Starkes zweites Drittel verhilft Eisbären zum Sieg in Düsseldorf

Am frühen Dienstagnachmittag mussten die Eisbären Berlin bei der Düsseldorfer EG ran. Die Eisbären spielten ein sehr starkes Auswärtsspiel und gewannen verdient mit 4:2.

Spielverlauf:

Die Eisbären fanden gut in das Spiel und erspielten sich früh einige Chancen. In der 6. Minute kamen sie durch Olver so auch zur verdienten Führung. Auch im weiteren Verlauf des ersten Abschnitts, hatten die Eisbären die Oberhand. Nur durch einen Stellungsfehler von Oppenheimer kam die DEG kurz vor Ende des ersten Drittels noch zum Ausgleich.

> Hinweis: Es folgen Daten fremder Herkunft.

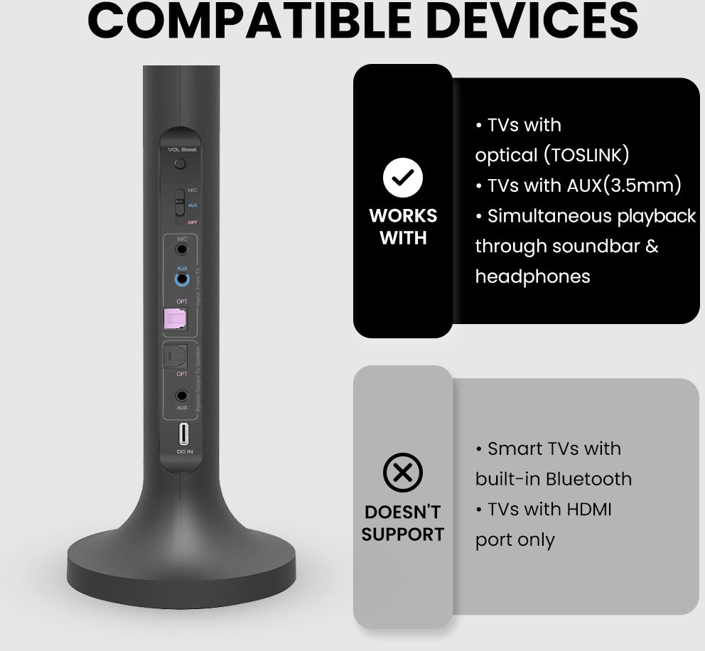 Enjoy TV in quietness, with a partner - The Duet set comes with two pairs of wireless headphones, each already factory pre-connected to the transmitter base, so there’s no need for you to go through the complex & painful manual pairing process. Simply connect the transmitter base to TV, power everything on, they’ll connect with each other automatically and you’ll be good to go!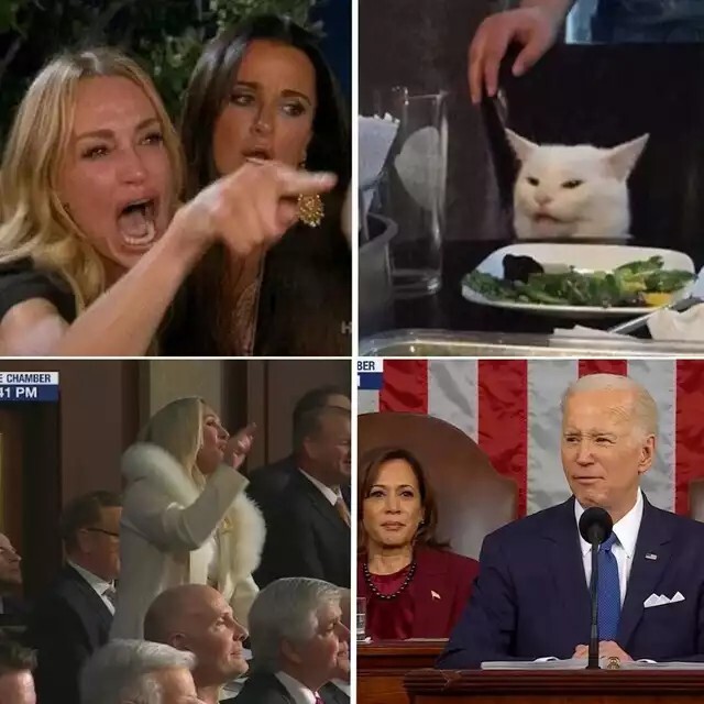 - Picture: A 4-square split picture. The top half is the standard Smudges the cat template. On the left are a brunette and a blonde woman, and the blond woman is upset, shouting while pointing her finger. On the right is Smudges the cat sitting at a plate of greens at the table, with an irritated expression like he's asking what the big deal is. The lower half is two pictures from the 2023 State of the Union Address. On the left is Marjorie Taylor Green in white, agitated, and pointing her finger. On the right is President Biden with a similar expression to Smudges. (remote)

Im zweiten Drittel präsentierten sich die Eisbären sehr stark. Über weite Strecken hielten sie Düsseldorf in deren Drittel und erspielten sich viele Chancen. Nick Petersen und James Sheppard schraubten die Führung auf 1:3 hoch.

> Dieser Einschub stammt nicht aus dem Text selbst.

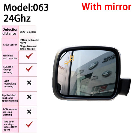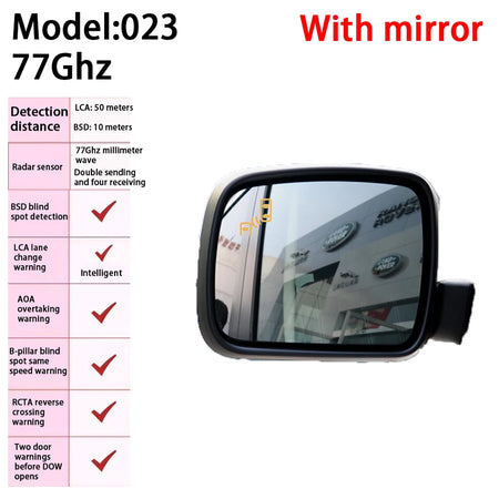 Land Rover Range Rover Sport L320 BSD Radar Warning with Blind Spot Detection je namenjen sistem za nadzor mrtvih kotov, zasnovan za povečanje varnosti med menjavami voznih pasov in vožnjo po avtocestah. Dva napredna mmwave radarja (24G/72G Hz), nameščena na zadnjem odbijaču, aktivno skenirata sosednje pasove, da zaznajo premikajoče se objekte v razponu od 3 do 10 metrov za vozilom. Ko potencialna nevarnost vstopi v opozorilno območje, sistem zagotovi jasna opozorila preko LED diod, zvočnih signalov in, odvisno od namestitve, vaših smernikov, da označi tveganje za menjavo pasu. Ta intuitivna povratna informacija vam pomaga sprejemati varnejše odločitve na prometnih cestah in med prehitevanjem.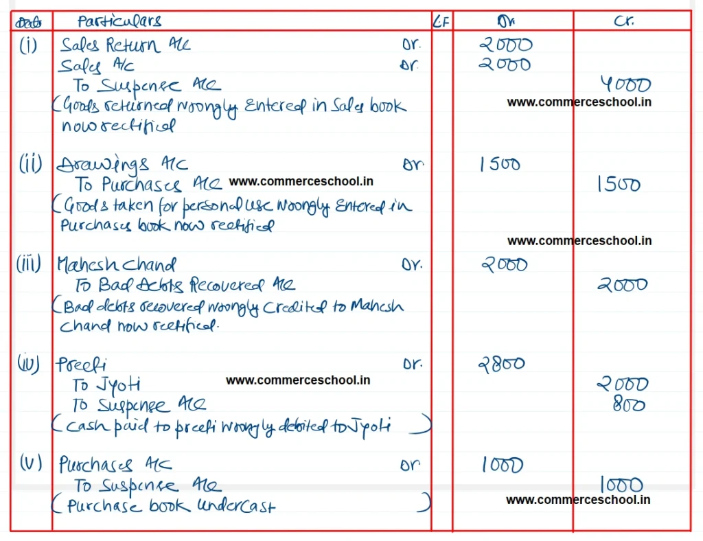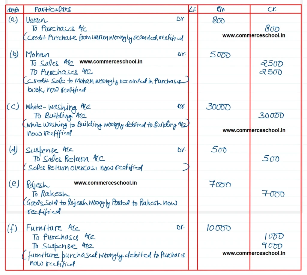 (a) Credit purchase from Varun ₹ 8,000 was recorded as ₹ 8,800.
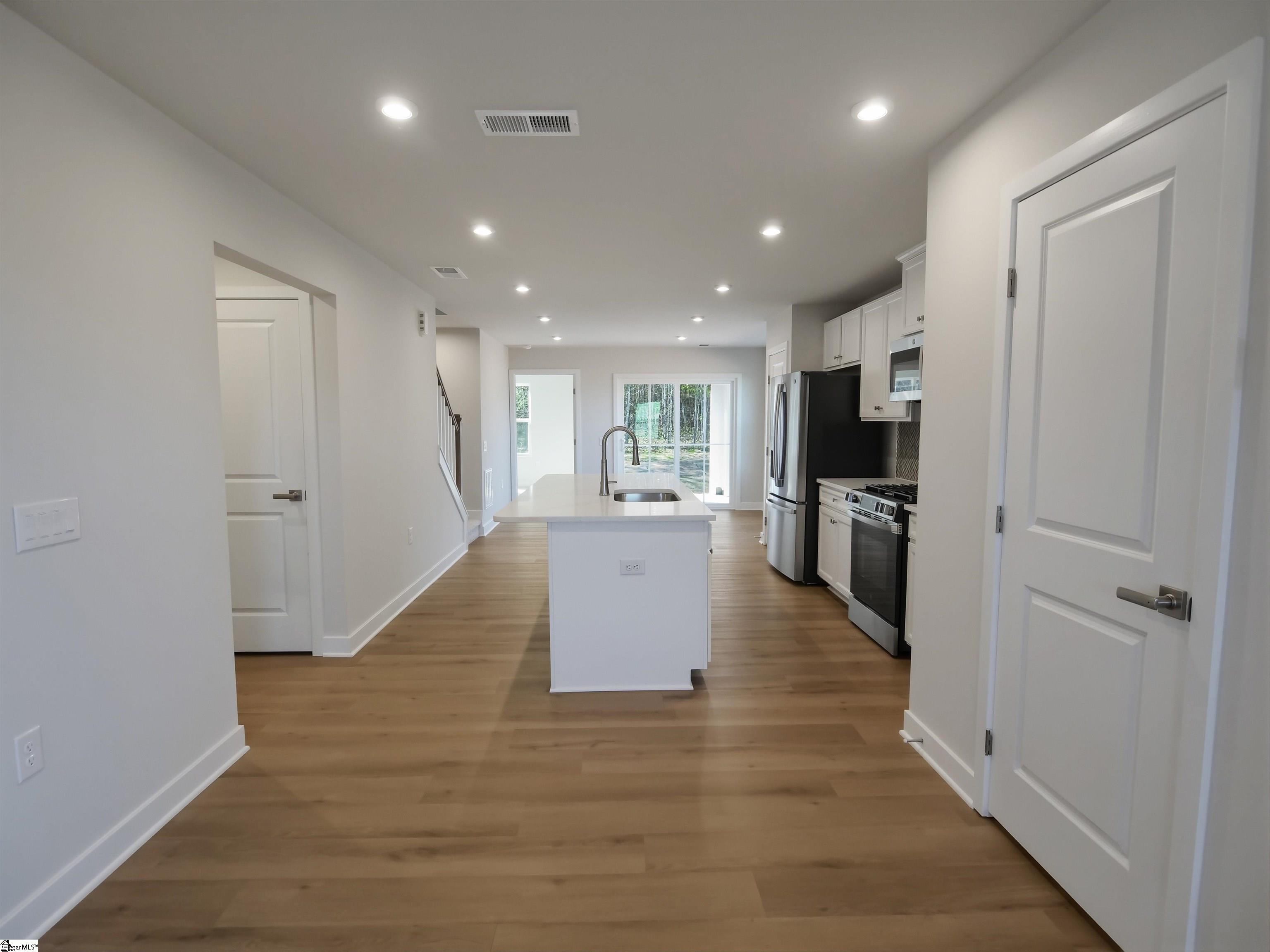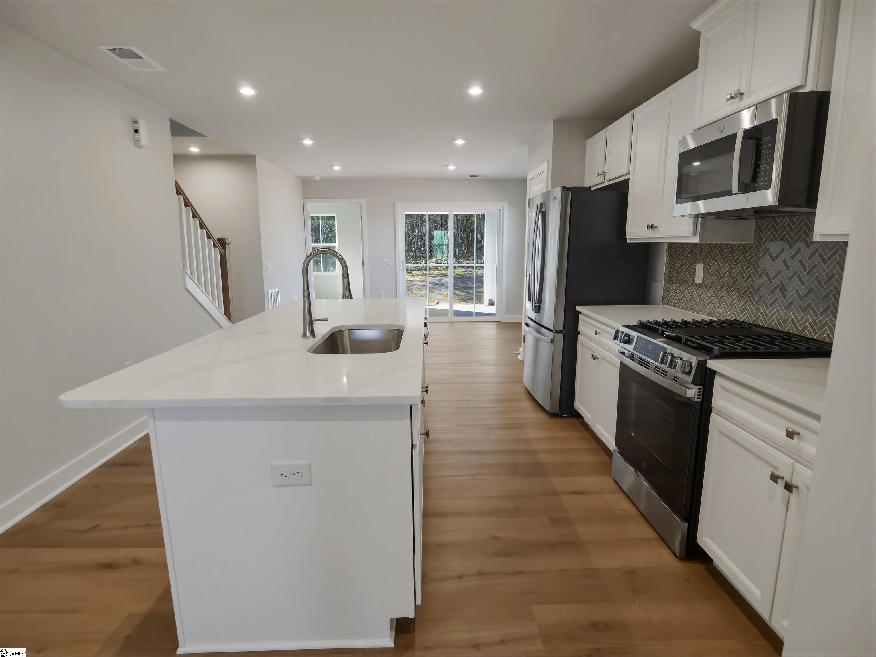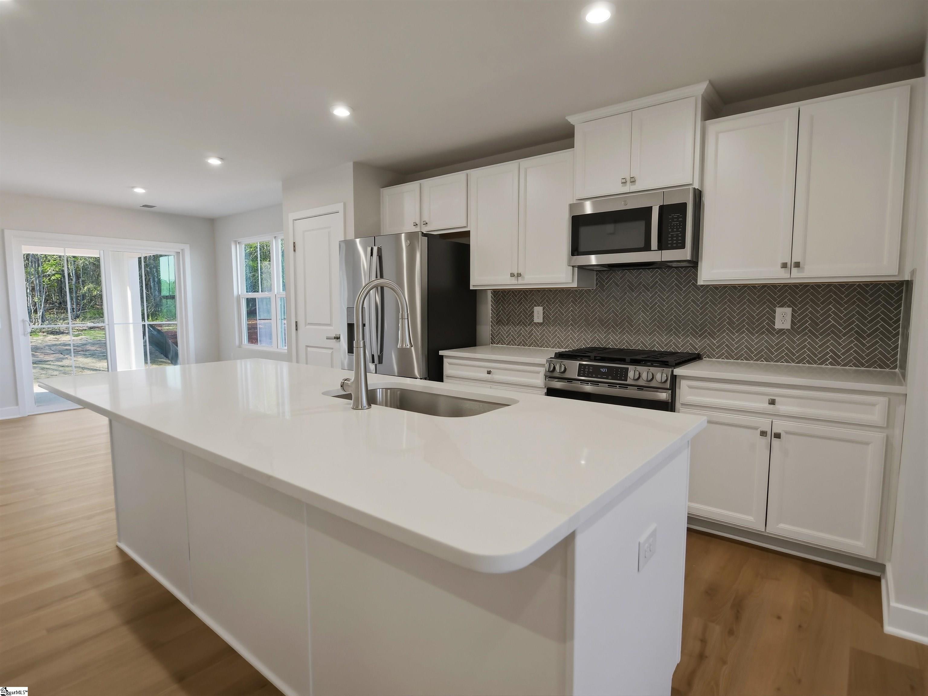 MOVE IN READY with main level owner’s suite, covered back porch and chef’s kitchen at BEECH GLEN! Enter through the attached garage and step into a bright and beautifully arranged kitchen with a spacious center island topped with sparkling quartz. This chef’s kitchen includes a gas range and fantastic herringbone backsplash with white cabinetry. All common areas feature gorgeous durable LVP plank floors. The adjacent great room and formal dining area are the perfect setup for hosting family and friends, whether indoors or out on the covered back porch. A well-appointed owner’s suite on the main level features a dual vanity bath and large walk-in closet. Just around the corner is an ultra convenient large laundry center. Upstairs, you’ll find two additional bedrooms, a full bath, and an incredible storage room to keep things organized. Beech Glen offers community amenities designed to bring neighbors together- pavilion with fireplace, pet park, nature path, and pickleball courts. Best of all LAWN CARE and EXTERIOR INSURANCE are included! Schedule your visit today!

Im dritten Abschnitt verkürzte die DEG früh auf 2:3, Henrion war erneut der Torschütze. Der Treffer gab den Düsseldorfern etwas Rückenwind. Erst in der 53. Minute machte Martin Buchwieser mit einem tollen Solo den Sack zu.

Gedanken:

  • Vor einigen Spielen stellte das Trainerteam um Uwe Krupp die Reihen um. Nick Petersen wurde in die Reihe von Sean Backman und James Sheppard verschoben. Die Drei kommen immer besser in Fahrt. Am Sonntag gegen Mannheim waren sie an zwei Treffern beteiligt. Auch heute waren sie wieder die dominanteste Reihe der Berliner und trugen sich erneut doppelt in die Scorerliste ein.
  • Vielleicht der wichtigste Baustein der Reihe ist Sean Backman. Der Neuzugang scorte in den vergangenen drei Spielen und hat bereit acht Punkte (4 Tore) auf seinem Konto. Zuletzt glänzte Backman als Vorbereiter, aber auch sein Schuss ist nicht zu unterschätzen.
  • Manchmal sind es kleine Details, die gute von richtig guten Spielern unterscheidet. Kleine Aktionen, die eher instinktiv ablaufen. Genau so einen Aktion zeigte Micki DuPont gegen Ende des zweiten Drittels. Er kickte eine Scheibe aus der Luft in den Slot, wo sich zwei Mitspieler befanden und sorgte so für etwas Chaos vor dem Düsseldorfer Tor. Andere Verteidiger hätten hier wohl die Scheibe runtergefangen und sie tief gespielt. DuPont findet jedoch immer wieder clevere Wege, um die Scheibe vor das Tor zu bringen und dort für Gefahr zu sorgen.

  • Sorgen kann man sich vielleicht ein wenig um die nominell erste Reihe. Sie besteht derzeit aus Marcel Noebels, Louis-Marc Aubry und Daniel Fischbuch. Die Reihe scheint einfach nicht zusammenzupassen. Noebels und Aubry sind sich in ihrer Spielweise vielleicht einfach zu ähnlich. Da die anderen drei Reihen momentan aber sehr gut funktionieren, wird Uwe Krupp hier wohl kaum eingreifen und eher darauf hoffen, dass die Drei sich nach und nach auf einander einspielen werden.